# Worse Than Applauding Between Movements!!



## Kezza (May 13, 2008)

Tonight I played a concert with my orchestra, we played Rinsky-Korsakov Russian Easter Festival Overture, Mozart Horn Concerto No.3 and after interval we played Dvorak Symphony no.9. The audience was pretty good for the first half, but for Dvorak they were so adamant on not applauding between movements that after we finished the piece, a fairly epic piece at that, the audience just sat there... Waiting for the next movement, which didn't exist.

It felt so hurt  especially after my awesome fff all accented notes solo just near the end on my timps.

Anyone ever seen such a catasrophe? 

In the third movement I forgot to notice the D.C. Scherzo e poi Coda so I missed about 80 bars because I had NO idea where we were lol, anyways I mentioned that I missed it and one of the bassoonists (not a very crash hot player that I only hear the occasional squeak out of) has the nerve to tell me that I also missed some repeats, which I didn't and so that didn't go well after the audience not applauding.

I had a terrible night at our end of year concert. How is everyone else?!


----------



## R-F (Feb 12, 2008)

I'm a percussionist, so I understand your pain! Some people don't understand how hard it is just having to sit for x number of bars and then play one crucial triangle note. I play other instruments, and in a way it can sometimes be easier if you're continuously playing- at least that way you have muscle memory to back you up!
I had to play in a concert that kept changing time signature, was very syncopated and had many bars rest. I had to do 1 symbol crash- _1_ symbol crash- and it just never came! I was sure I had counted the bars right, but as I picked up the symbols and went to crash- the piece ended. I just slowly put the instrument back down and pretended to look satisfied!
Keep your head held high my friend- they're just jealous because we get to hit things all night!


----------



## Guest (Dec 14, 2008)

Yes it is better to receive applause between movements than none at all and remember it was quite common, indeed the accepted thing in the days of the 18 cent and into the 19th I think,
*R-F *regarding your experience there is an excellent recorded talk bringing in various musicians on how they view 'Bolero' and the Trombonist made the remark that the TBone has to sit through not playing at all then come in on a note [form cold] that is very difficult for the TBone, I wish I could give a link to it but I can't find one.


----------



## jhar26 (Jul 6, 2008)

Andante said:


> Yes it is better to receive applause between movements than none at all and remember it was quite common, indeed the accepted thing in the days of the 18 cent and into the 19th I think,


Speaking as a listener, if applause between movements happens because of a few people in the audience who don't know what is customary at a classical concert it's 50% semi-funny and 50% semi-annoying, but if it happens because the audience is genuinely enthusiastic about what they hear and wants to show it's appreciation it doesn't bother me in the least. If anything - it adds to the excitement.
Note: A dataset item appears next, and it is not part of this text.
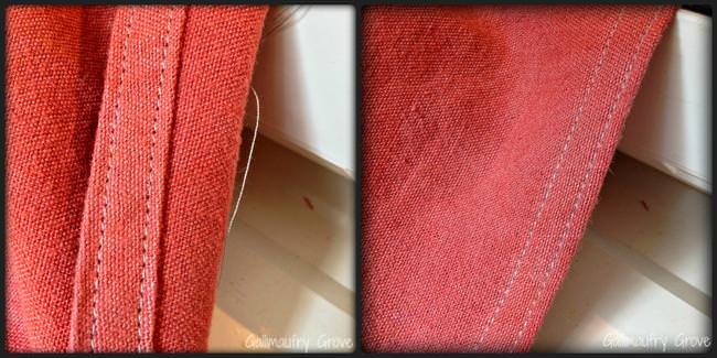 Turn up the hemline about 1/2 inch. Press. Turn up hemline again. Press. Sew in place.

What bothers me far more is the coughing that goes on during quiet passages in the music and slow movements.


----------



## marinermark (Aug 23, 2008)

I attended a concert Saturday night - my first in this town. Tchaikovsky's First Piano Concerto and the Shostakovitch 10th Symphony. I was surprised when many people clapped at each movement's end. Maybe it's a "local custom" or related to the concert's being a "classical access" concert by a semi-pro orchestra. The music director prefaced each piece with some insightful comments about the music or the composer. Clapping seemed to be expected, so I joined in after the first one. No one seemed to mind.


----------



## Lang (Sep 30, 2008)

Andante said:


> *R-F *regarding your experience there is an excellent recorded talk bringing in various musicians on how they view 'Bolero' and the Trombonist made the remark that the TBone has to sit through not playing at all then come in on a note [form cold] that is very difficult for the TBone, I wish I could give a link to it but I can't find one.
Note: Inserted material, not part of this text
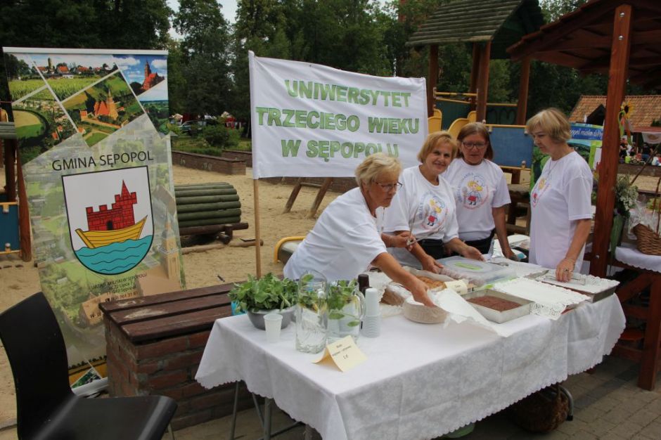 Sępopolskie stoisko, dzięki uczestnikom sekcji kulinarnej naszego UTW było tłumnie odwiedzane, a nasze miody, ciasta, sępopolskie warzywa, potrawy regionalne i materiały promocyjne cieszyły się ogromną polarnością. Zostało to również docenione przez jury bowiem zdobyliśmy trzecie miejsce w konkursie na najciekawsze stoisko.
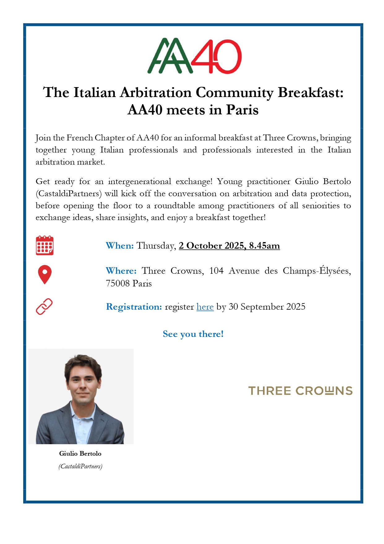After a restful summer break, our international chapters are back with a calendar full of events! We invite you to join the French Chapter for its upcoming one: meet peers and exchange ideas on arbitration and data protection while enjoying an informal networking breakfast at Three Crowns LLP!

Sorry for a slight detour.

I don't know whether this is true or not, but it's something I heard from a clarinettist many years ago. In one of Elgar's orchestral pieces, the first clarinet is instructed to play something quietly during a loud orchestral passage. It is inaudible, and seems pointless, but apparently immediately afterwards the clarinet has an important solo. As he hasn't played for some time, the preceding passage warms up the instrument nicely.

As I say, I don't know whether or not this is true, but certainly Elgar was a very painstaking in his approach to orchestration.


----------



## PostMinimalist (May 14, 2008)

Kezza said:


> Anyone ever seen such a catasrophe?
> 
> How is everyone else?!


I saw this happen after a performance of Mozart Requiem! Just inexplicable!

Everyone has bad experiences after concerts now and again. I was chatted up by the ugly gay soloist with halatosis at the tender age of 18 after a gig and ended up walking home in the rain without my shoes! Don't ask! (I don't have anything against homosexuals; it was just a bad experience... that happened after a concert)


----------



## R-F (Feb 12, 2008)

Funny you should mention that, at the same concert the trombonist who I know was talking about that very note with a look of distinctive horror on his face. 
I suppose you don't get the same problem of warming up if you play something like the piano (although warm fingers help!). The brass band I play in was rehearsing for a concert, and there was a point where the solo cornet comes in on a high note, from having played nothing beforehand. The chap did the job well most times, but the night before the concert he managed to hit the note beautifully, then waver down about 3 tones, panic, then shoot up to some stratospherically high note, then break down in a fit of giggles. I was backing him up of glockenspiel and even I couldn't play, I was laughing so hard!


----------



## louella (Dec 9, 2008)

R-F hahaha.. that made me laugh.

I've been reading a book about Beethoven and the other day I read that he once accidentally forgot to pause and so played two bars ahead of everyone else. Though he didn't notice because of his hearing.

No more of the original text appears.